The Neuroscience and Architecture of Time
by John P. Eberhard, FAIA
Founding president, Academy of Neuroscience for Architecture
Summary: This
is a good time to talk about time. It is the beginning of a new era
in the history of AIArchitect, it’s time to begin another school
year, it’s about time for you to come home mentally from your
vacation, and it’s time to stop and reflect on what neuroscience
can tell us about how and why the brain responds to time. Time, of
course, is crucial to planning, designing, and creating the built
environment. It is so much a part of our lives from our first memories
on that we implicitly think of time as a thing. It is not. It is
a concept that we have used our conceptual brains to define and measure.
It is also a part of our hard-wired brains, and we find manifestations
of that biological clock in organisms as simple as the fruit fly.
Join John Eberhard, FAIA, as he explains time as a function of neuroscience.
Below is a synopsis of the article. For the
full text, click on the PDF link located in the column on the right.
Time is a product of the human mind. It does not exist in a physical
sense, except in the devices humans have developed to keep track
of “intervals.” We have a sense of there being a continuous
stream of experiences in which one event is followed by another because
our mind and memory provide us with the ability to recall past events.
Our mind and working memory can also provide us with the ability
to contemplate an event in the future.
To measure the time between remembered events, we have agreed on
physically measurable intervals: hours, minutes, and seconds, for
instance. Knowing anything about time depends on the neurons—the
10 billion cells—of the brain. More precisely what the brain “knows” about
the meaning of time depends on the specific arrangement of the networks
of connections between neurons and the way that neurotransmitters
are released and absorbed to communicate between networks.
The mechanical clocks: A clock is a machine in which a device that
performs regular movements in equal intervals of time is linked to
a counting mechanism that records the number of movements. All man-made
clocks, of whatever form, are made on this principle. The first domestic
clocks were smaller versions of large public clocks. They appeared
late in the 14th century, and few examples have survived.
By the middle of the 20th century, when man began to travel into
space, more and more accurate clocks were needed. The National Bureau
of Standards in Washington built a “clock” based on the
oscillation of a cesium atom—the most reliable counter in the
universe. Its definition of a second is “the duration of 9,192,631,770
periods of the radiation corresponding to the transition between
the two hyperfine levels of the ground state of the cesium 133 atom.” This
works for setting the “atomic clock” kept by the National
Institute of Science and Technology (NIST) in its Boulder laboratory,
which is the standard for time measurement that we use in the U.S.
The biological clock: You probably go to bed and get up about the
same time every day.

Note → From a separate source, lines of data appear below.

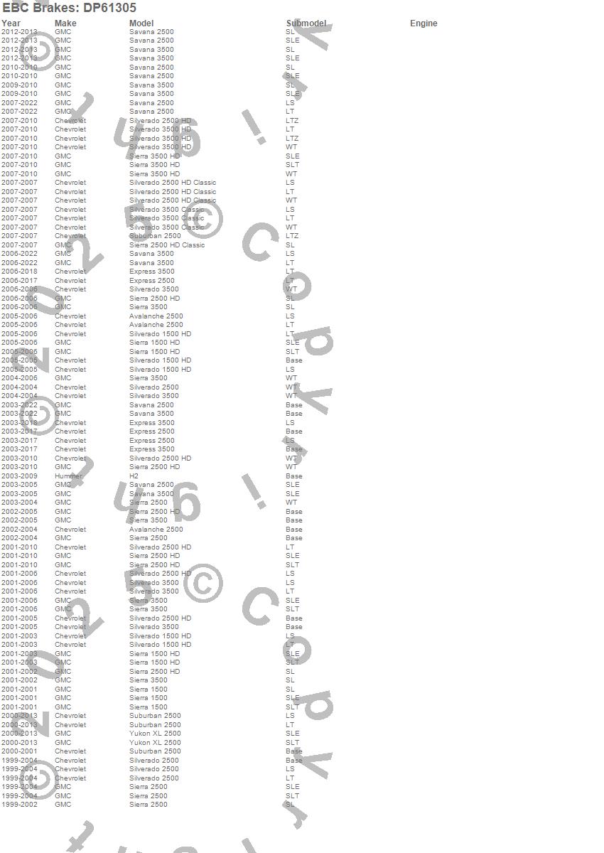 Avalanche 2500, Express 2500, Express 3500, H2, Savana 2500, Savana 3500, Sierra 1500, Sierra 1500 HD, Sierra 2500, Sierra 2500 HD, Sierra 2500 HD Classic, Sierra 3500, Sierra 3500 HD, Silverado 1500 HD, Silverado 2500, Silverado 2500 HD, Silverado 2500 HD Classic, Silverado 3500, Silverado 3500 Classic, Silverado 3500 HD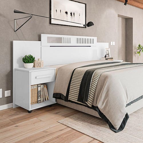 CARACTERISTICAS Altura: 125 cm Largura: Solteiro – 170 cm | Casal – 220 cm | Queen – 240 cm Gavetas: 01 por Mesa de Cabeceira Puxador: Externo Pés: Sim Material: Misto (MDP/MDF) Acabamento: Pintura Necessita Montagem: Sim Ambiente: Quarto Itens Inclusos: 1 Cabeceira e 1 Manual de Instalação Recomendações de Uso, Manutenção e Limpeza: Limpeza deve ser feita com pano seco.
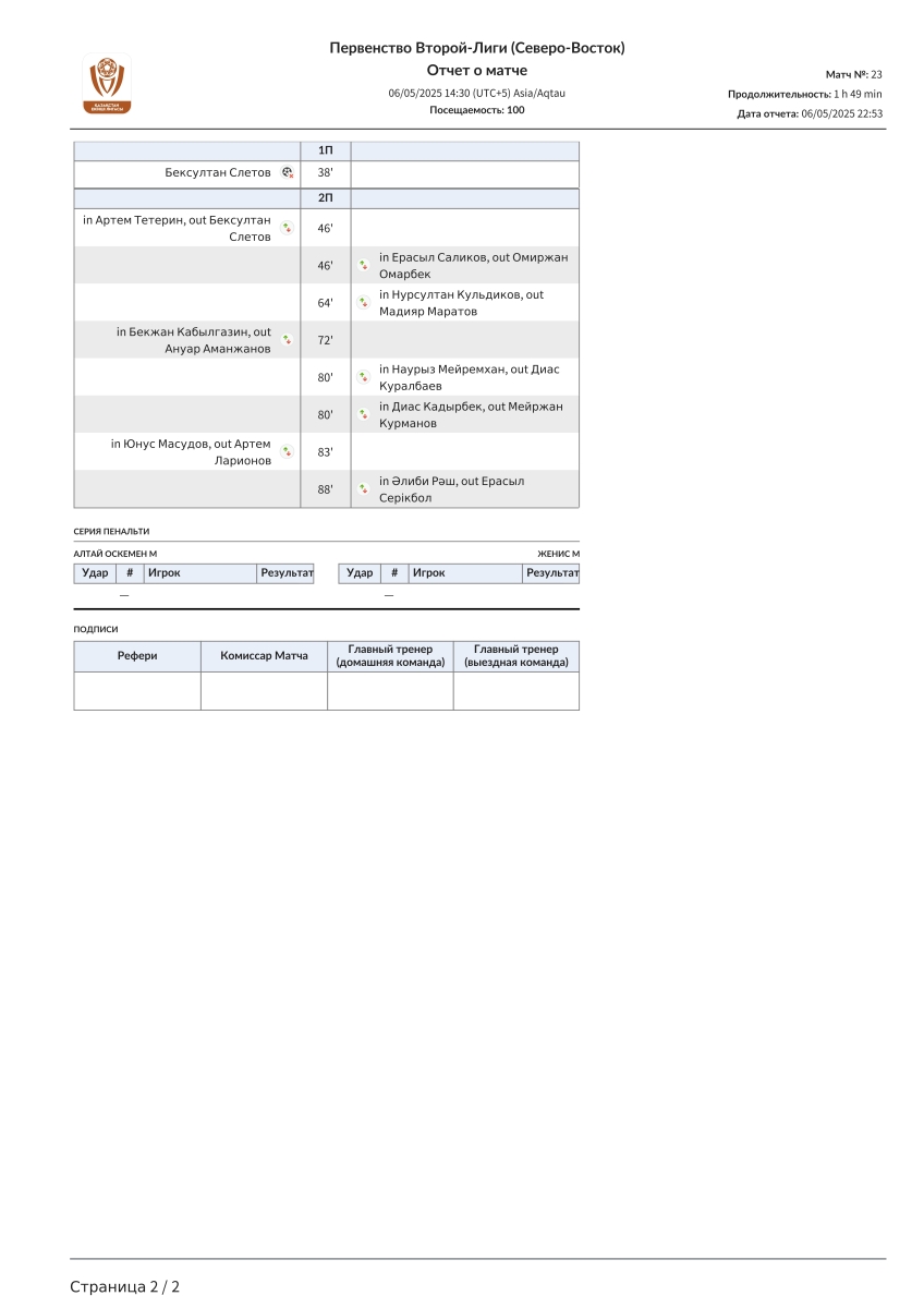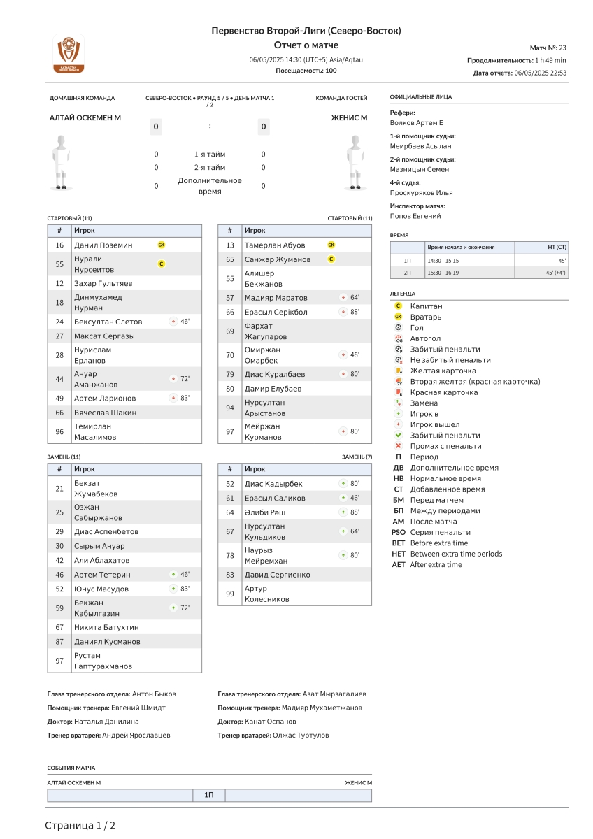 «Алтай-М» Усть-Каменогорск - «Женис Жас» Астана - 0:0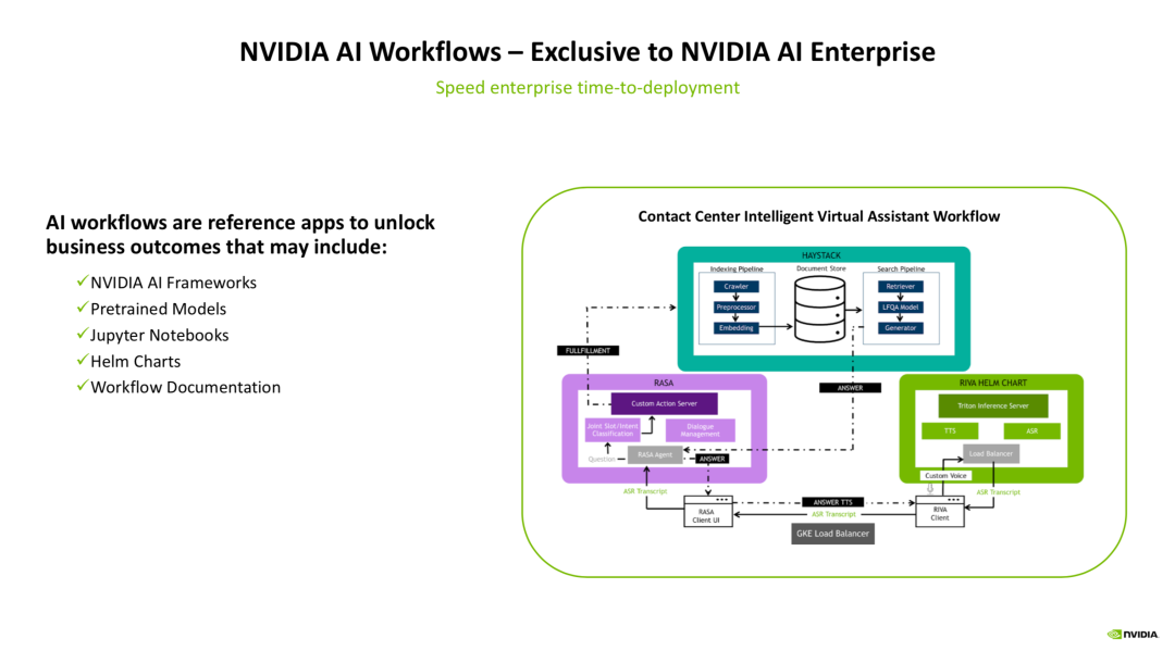 最右下角是一个基于RIVA的工作流,在这里面会完成语音转文字(ASR)、文字转语音(TTS)的操作,来作为智能虚拟助手的“输入预处理”和“输出预处理”操作。而后,经过RIVA得到的用户输入,会被输入到左边的RASA工作流。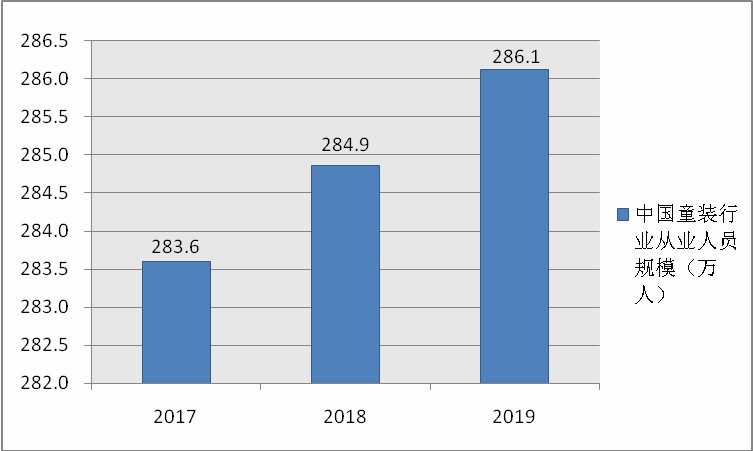 2017-2019年中國童裝行業從業人員規模呈逐年增長趨勢,2017年從業人員數量為283.6萬人,到2019年底中國童裝行業從業人員數量規模已經達到約286.1萬人的水平。

For most people, the “clock” inside
their heads tells them it’s time to get up; if they stay up “past
bedtime,” they get sleepy. Neuroscientists now know that this
happens because we have a “clock gene,” inherited from
previous generations, that sets a tiny region of our brains called
the suprachiasmatic nucleus (SCN) used to produce a chain of chemical
and nervous instructions that ripple through the body, controlling
how each organ and tissue functions over the 24-hour day.
Time “flies”: Human generations are approximately 10,000
days long, but the common fruit fly (scientific name Drosophila)
has a generational time of 10 days. Dr. Seymour Benzer, searching
for a genetic basis for mammals’ ability to keep time, first
examined Drosophila in 1967 and discovered a gene that served as
a natural clock for the fly. He also discovered:
- A strain of flies with slow clocks that caused them to have
29-hour days, a strain with fast clocks that caused them to have
19-hour days, and a strain whose clocks seemed not to work at
all—they
were considered insomniacs.
- The mating “song” of the Drosophila has a rhythm
established by the same clock gene. Each strain of Drosophila
has a slightly different song, and females only mate with the males
who sing the song of their species.
- The clock gene of the Drosophila consists of 3,600 nucleotides
(each represented by one of four letters A, C, T, and G). The
fly with the slow clock had had the G nucleotide changed to an
A in position 1766, and the fast clock fly had a T changed to an
A in position 734. This small change did not break the clock but
it accelerated or decelerated the “hands.”
It is likely, although not yet proven, that much
the same thing happens in our brains, even though we have brains
that are 100 thousand times as complex. We have 10 billion neurons
in our brains and the Drosophila has only 100 thousand. What is much
less known is how environment—including the built environment—interacts
with biological clocks. That is just one more area where the neuroscience
of architecture will need more research in the future.